Pictures are to be left out, and only the lines below starting at the one with "Медицинская рубашка женская" and ending at the one with "Join your favorite" are to be reproduced, each exactly, both ends included.

DATASET ENTRIES =>
#####
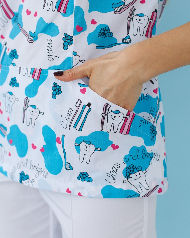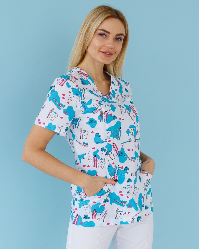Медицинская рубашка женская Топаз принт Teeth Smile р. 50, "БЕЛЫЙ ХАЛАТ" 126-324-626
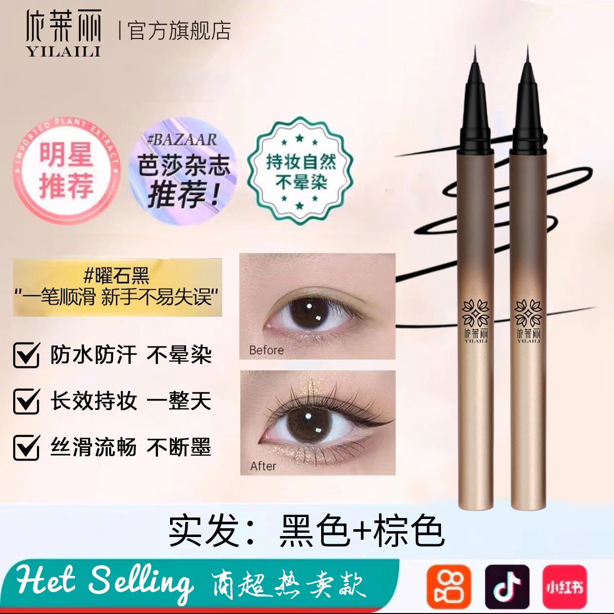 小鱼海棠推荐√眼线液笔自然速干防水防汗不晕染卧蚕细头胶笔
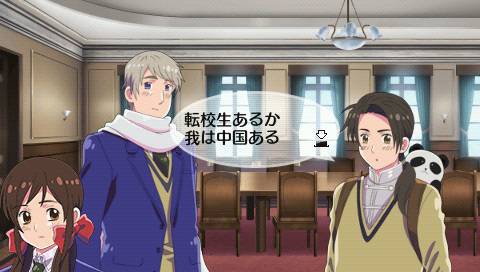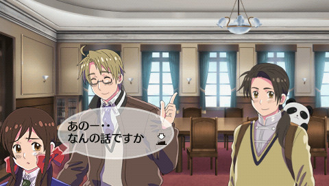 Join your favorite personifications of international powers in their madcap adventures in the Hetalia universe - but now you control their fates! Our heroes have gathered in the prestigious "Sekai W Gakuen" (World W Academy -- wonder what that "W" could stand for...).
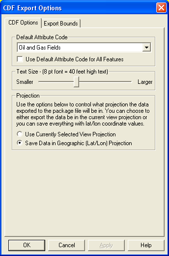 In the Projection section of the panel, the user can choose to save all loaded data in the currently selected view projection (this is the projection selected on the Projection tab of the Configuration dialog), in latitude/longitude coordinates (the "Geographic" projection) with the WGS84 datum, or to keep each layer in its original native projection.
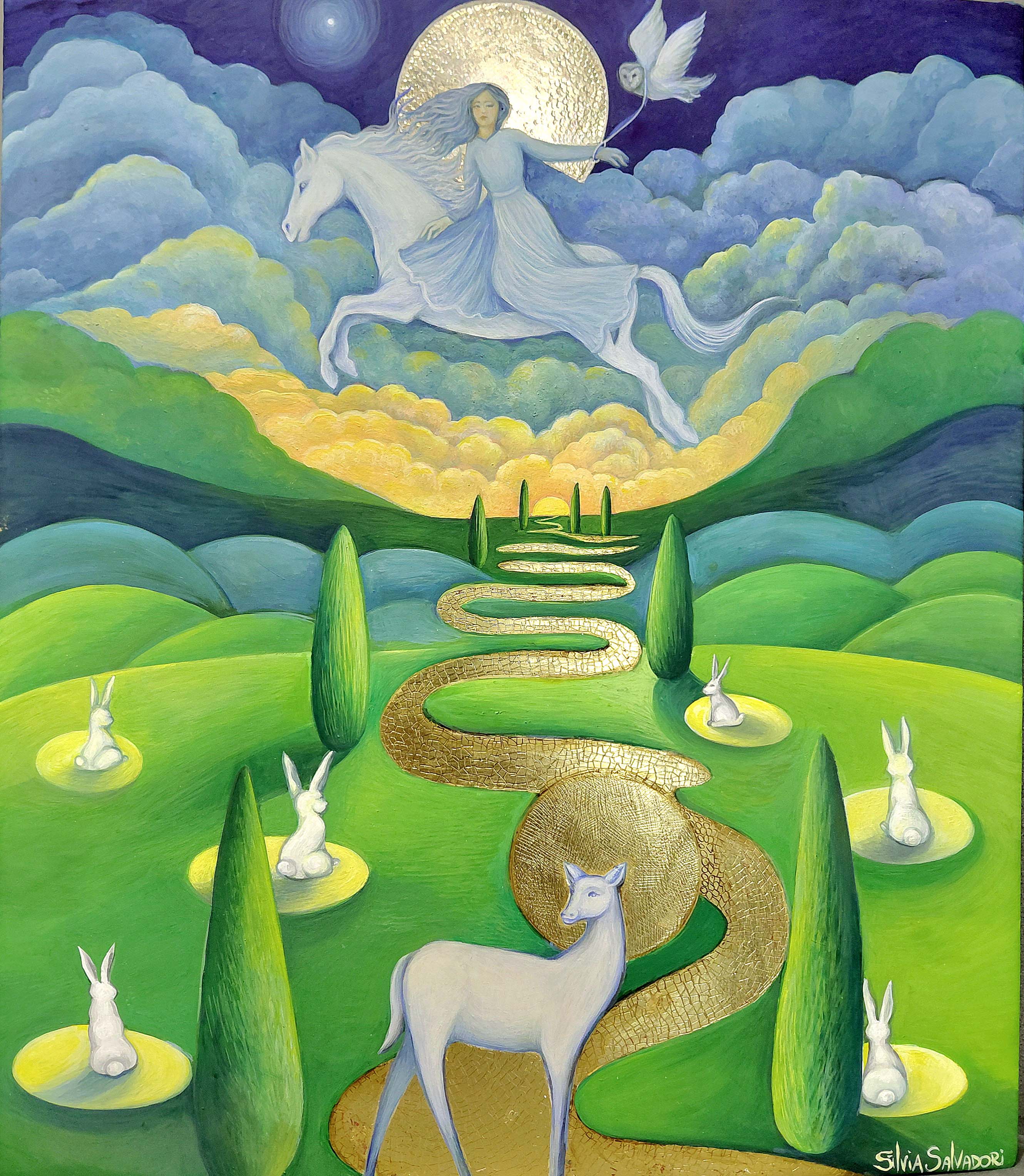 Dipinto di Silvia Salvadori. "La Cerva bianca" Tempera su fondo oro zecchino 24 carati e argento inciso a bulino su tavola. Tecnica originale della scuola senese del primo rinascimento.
#####
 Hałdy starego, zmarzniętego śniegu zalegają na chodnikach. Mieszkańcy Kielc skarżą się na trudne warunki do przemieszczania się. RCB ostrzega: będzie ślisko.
#####
ANSWER SECTION =>
Медицинская рубашка женская Топаз принт Teeth Smile р. 50, "БЕЛЫЙ ХАЛАТ" 126-324-626
 小鱼海棠推荐√眼线液笔自然速干防水防汗不晕染卧蚕细头胶笔
 Join your favorite personifications of international powers in their madcap adventures in the Hetalia universe - but now you control their fates! Our heroes have gathered in the prestigious "Sekai W Gakuen" (World W Academy -- wonder what that "W" could stand for...).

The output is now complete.